Self-control and wisdom are good things, right? Sure, they are. You just have to remember to use them, that’s all. And if you don’t, well then, greed and stupidity are right there to serve quite admirably and illustrate why self-control and wisdom are so valuable. Which brings us to yours truly and EVE Online, naturally.
In looking around for ways to make a living, I found courier contracts rather interesting. You take some stuff somewhere for someone, and they pay you for your time and effort. Fair enough. The interesting part for me is where I’m taking it and how dangerous it is to get there and back.
It’s not hard to see where this is going, and I must admit there was a certain comedy to it. And let’s just say that a sense of humor is a good thing for me while gaming. A very good thing, especially when greed and stupidity are involved.
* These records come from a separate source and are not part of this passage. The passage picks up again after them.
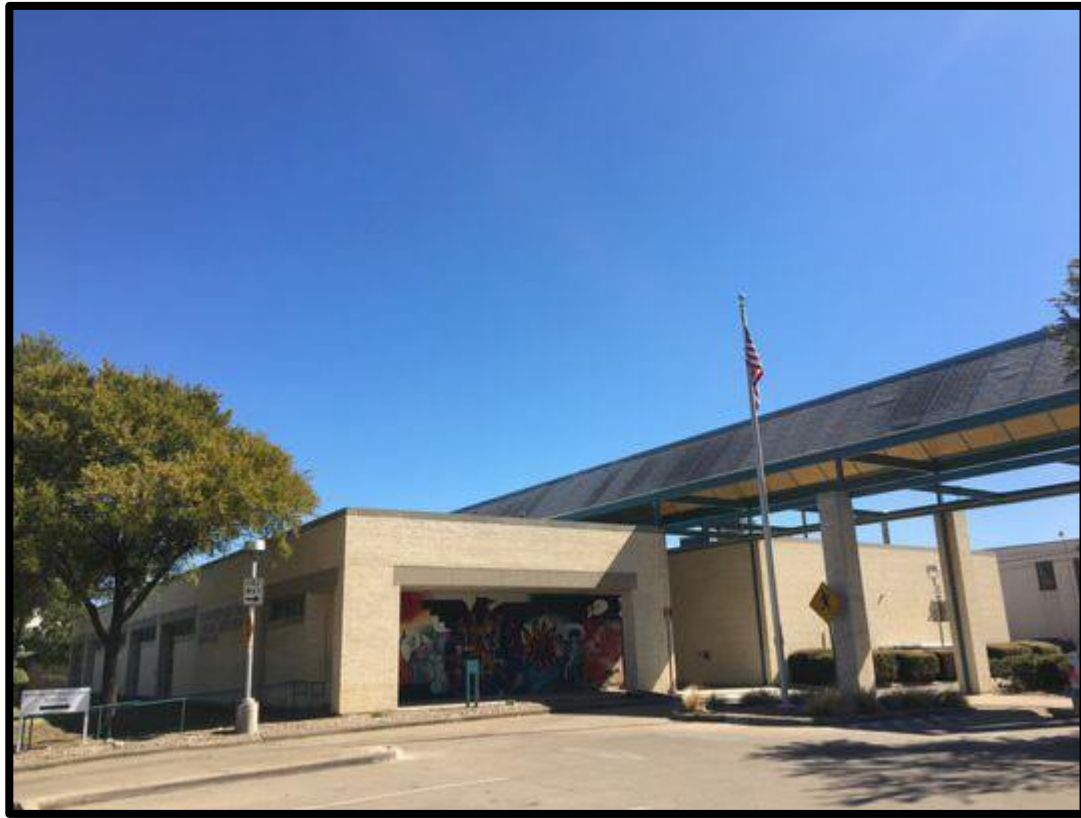
North Oak Cliff Branch Library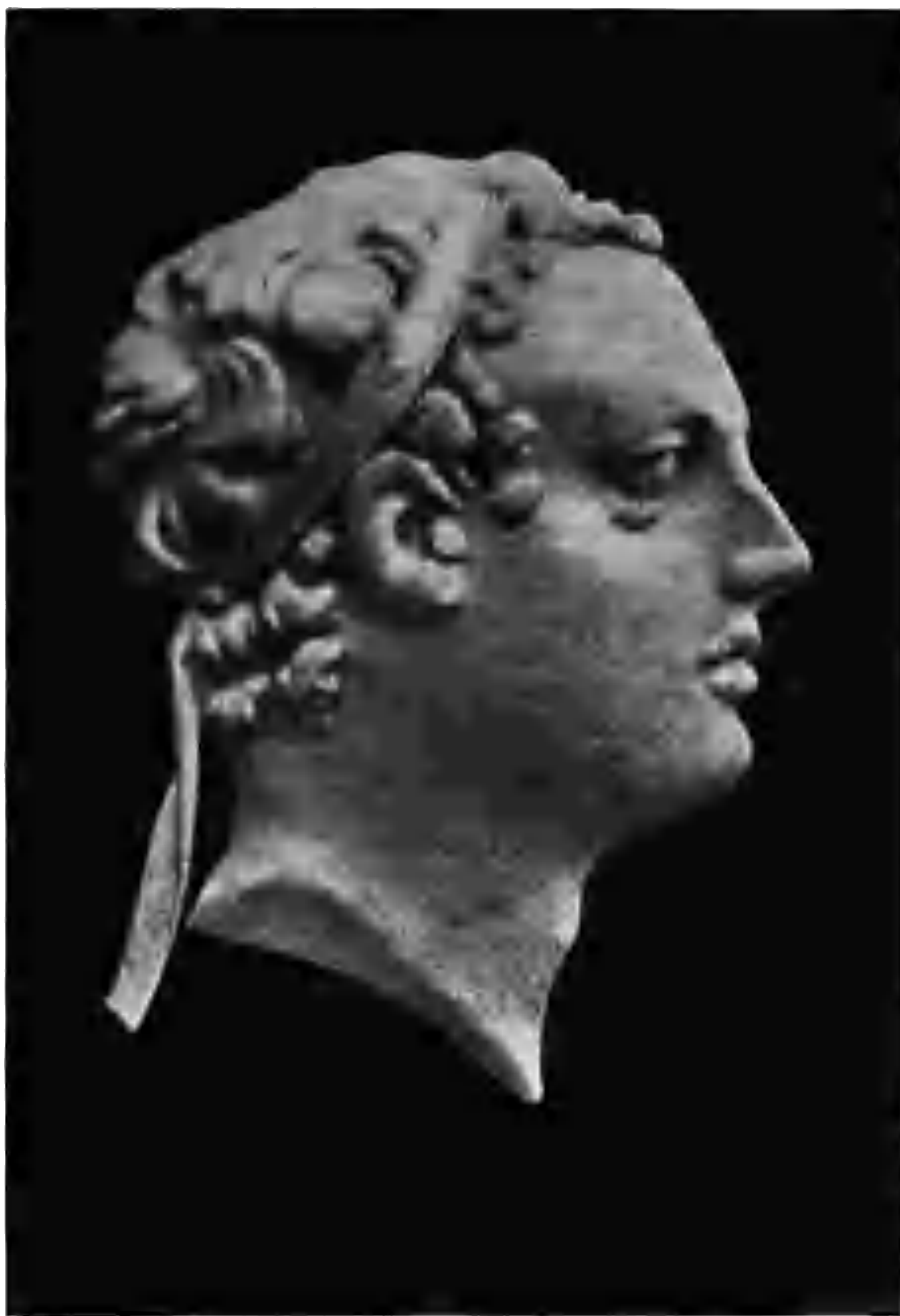
ANTIOCHUS (IV) EPIPHANES AFTER A COIN (From a drawing by Ralph Ilgan)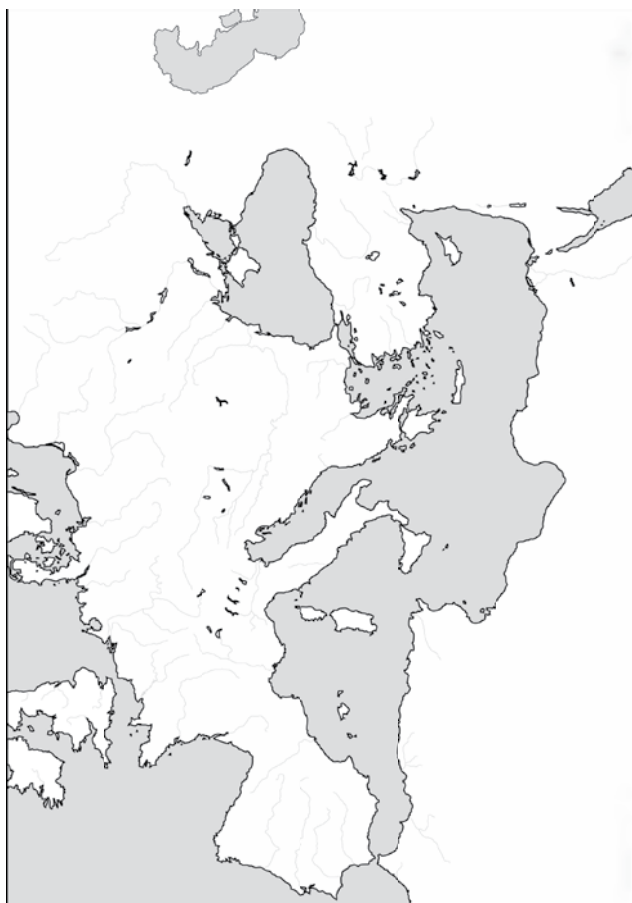
The Rise of the Church &amp; the Fall of Rome 43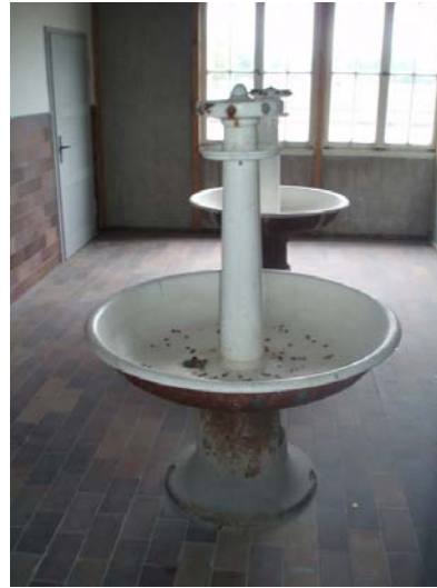
Photograph 5: Washing area inside Dachau Concentration Camp.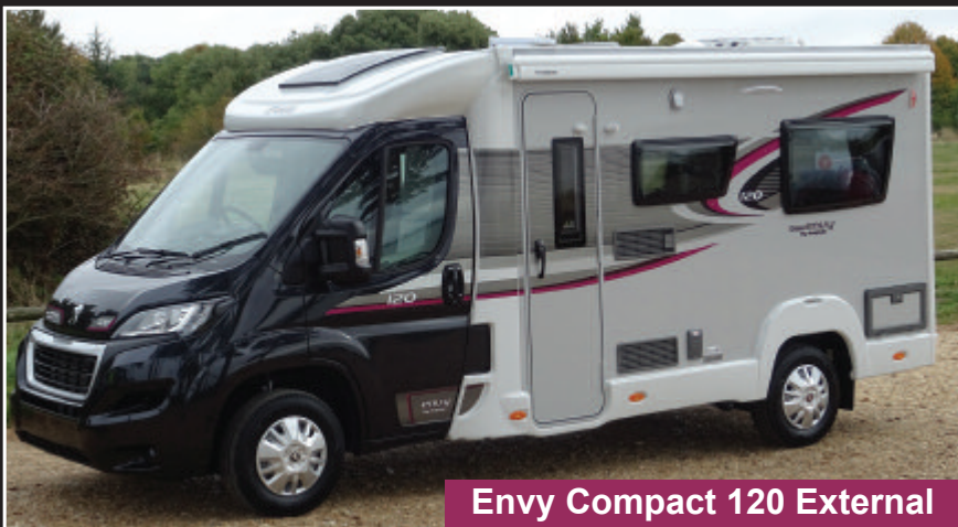
Envy Compact 120 External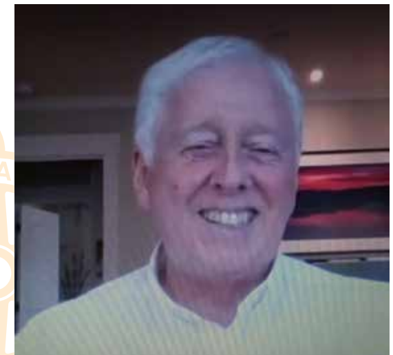
Director of Public Image thanked his Team.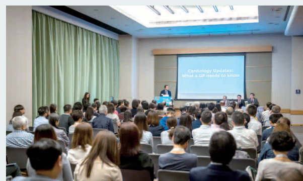
Cardiology Course for General Practitioners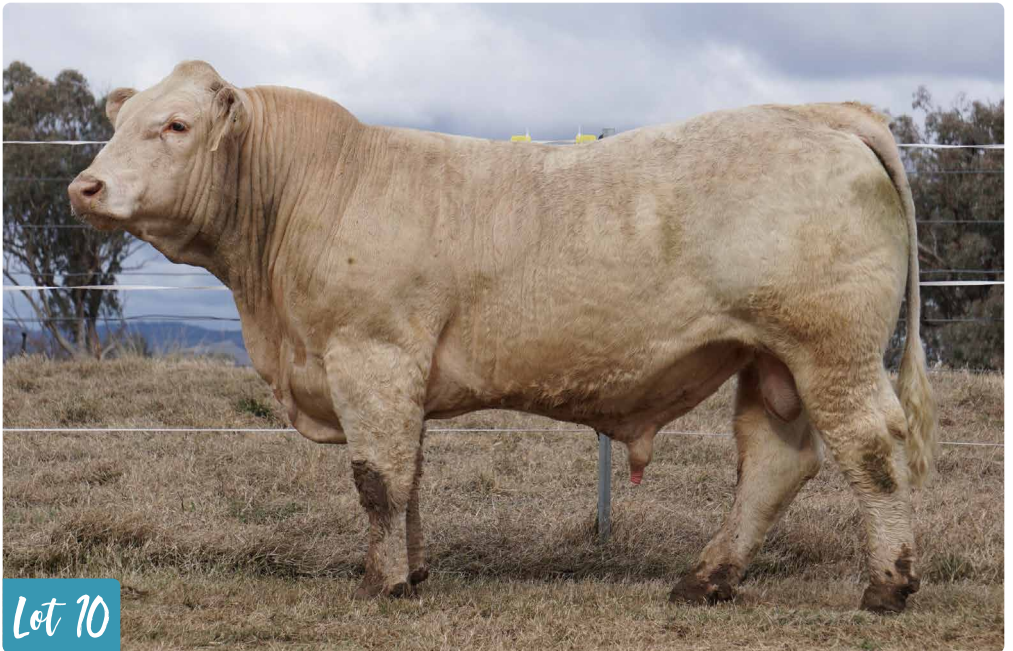
MALA-DAKI MIRACLE Q23 (PP) (AI) (R)

Over the course of a few days, I spent a few hours running courier contracts. The money was not too bad, but I was pretty sure I wasn’t earning money at the rate that a good salvaging run yielded. That was OK, though; it was easy work, flying around from place to place, picking up this, dropping off that and watching the fees roll in.
But that little thing in the back of my head kept saying: “I could be doing better than this. Salvaging makes more per hour. And besides, I’m bored with salvaging right now. I want adventure.”
The rich man was asked, “How much is enough?” He answered, “A little bit more.” Ah, that demon greed. There it was now, collar working loose, just about off the leash, whispering in my ear: “More money. More adventure.”
I got a couple of runs that entailed flying a dozen gates out and back, through a section of LowSec space for a few jumps. No problem; I was quick and prompt and stayed safe. I had just dropped off the last load of the night, though, when greed whispered a little louder. It said, “If you’re quick enough, you could salvage a couple of those wrecks back at that gate on the way home. Surely that wouldn’t be too dangerous. You just flew through there.”
I headed home and paused at the gate in question. I looked around. Nobody there. I flew over to the first wreck, salvaged it and got nothing worth talking about. My good friend “stupidity” added its insistent-but-silent voice to the chorus. I flew a good 30 seconds from the gate toward a second wreck, locked on and started the salvager. Two seconds later, I actually had the audacity to be aggravated when the missiles started to hit — and boy, was I too far from that gate! Essentially unarmed and crippled in seconds, I attempted to limp to the gate and get out of there. Instead, I got to watch those wonderful graphics of my ship blowing apart, followed by my pod blowing apart, which meant that I had just blown apart.
The epilogue of death in EVE Online is waking up in your clone, possibly a long way from where you were just seconds earlier. It always feels surreal, that instant cessation of violence combined with, of all things, an email from the insurance company — an odd juxtaposition, to say the least.
So there I was, waking up from my latest lesson in EVE Online. The lesson learned: Don’t be greedy and stupid, especially at the same time, and especially in LowSec. And that sense of humor I was talking about? Oh yeah, I’m laughing now: Ha ha!